Electrospray thrusters work by placing a voltage on an ionic liquid and extracting either beads of propellant or ions to generate thrust. By definition, colloid thrusters are a specific class of electrospray thrusters that use solvents, such as glycerol or formamide, to emit droplets or, in special cases, ions to generate thrust. To keep with the University’s “Learn by Doing” pedagogical philosophy, the thruster for this activity is designed to have a tactile and experiential impact on the students. The final design is a scaled up configuration of an existing electrospray design so that the students can easily see each component with the naked eye and can be correlated to a real world thruster that they might see in industry.
As a laboratory experiment, the thruster needs to be able to utilize current equip- ment in the Space Environments and Testing Laboratory. One of the Student Vacuum Chambers (SVC) is utilized as well as two 1 kV power supplies and a 100V power supply. An indirect method of measuring performance metrics needs to be developed as there are no thrust balances sensitive enough in the lab designated for undergrad- uate use. As such, the students will be using the mass of the propellant, the time of operation, and knowledge of the propellant’s properties to estimate the performance of the thruster.
To prove success of the thruster, a performance profile of the thruster is produced using an indirect method of measurement as well as visual observations of the thruster moving propellant byway of the electrospray theory.
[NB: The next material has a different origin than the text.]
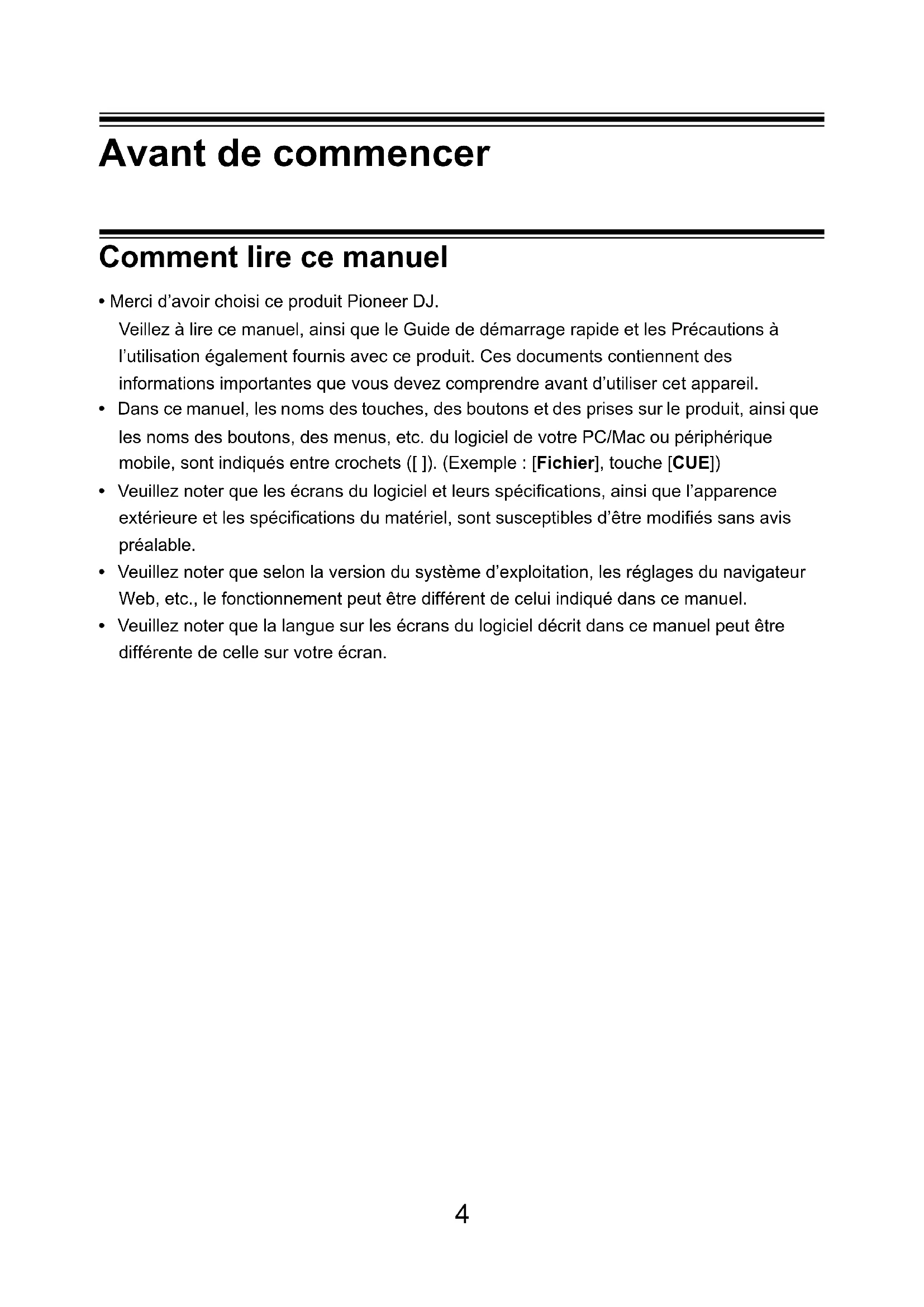 - Merci d’avoir choisi ce produit Pioneer DJ. Veillez à lire ce manuel, ainsi que le Guide de démarrage rapide et les Précautions à l’utilisation également fournis avec ce produit. Ces documents contiennent des informations importantes que vous devez comprendre avant d’utiliser cet appareil.

The tests show thrusts produced between 96-311 μN with an Isp ranging from 1270-1684 seconds. The visual evidence demonstrates propellant being collected as well as the operation of the thruster under the electrospray theory. The visual evidence also sheds light on which emission mode the thruster is operating at as well as a self-correcting failure mode that was occurring. The thruster is implemented as a lab for Cal Poly’s AERO 402 Spacecraft Propulsion Lab in Fall 2018, and it receives positive feedback from the students through an anonymous survey.
While the colloid thruster demonstrates success in meeting performance and pedagog- ical goals, future work should be continued to improve the thruster. Further design and manufacturing work can be undertaken to improve the efficiency and decrease failure due to propellant impingement. Additionally, the procurement of power sup- plies capable of applying higher voltages can provide a greater range of operation which can enable a more dynamic student discovery of electrospray thrusters.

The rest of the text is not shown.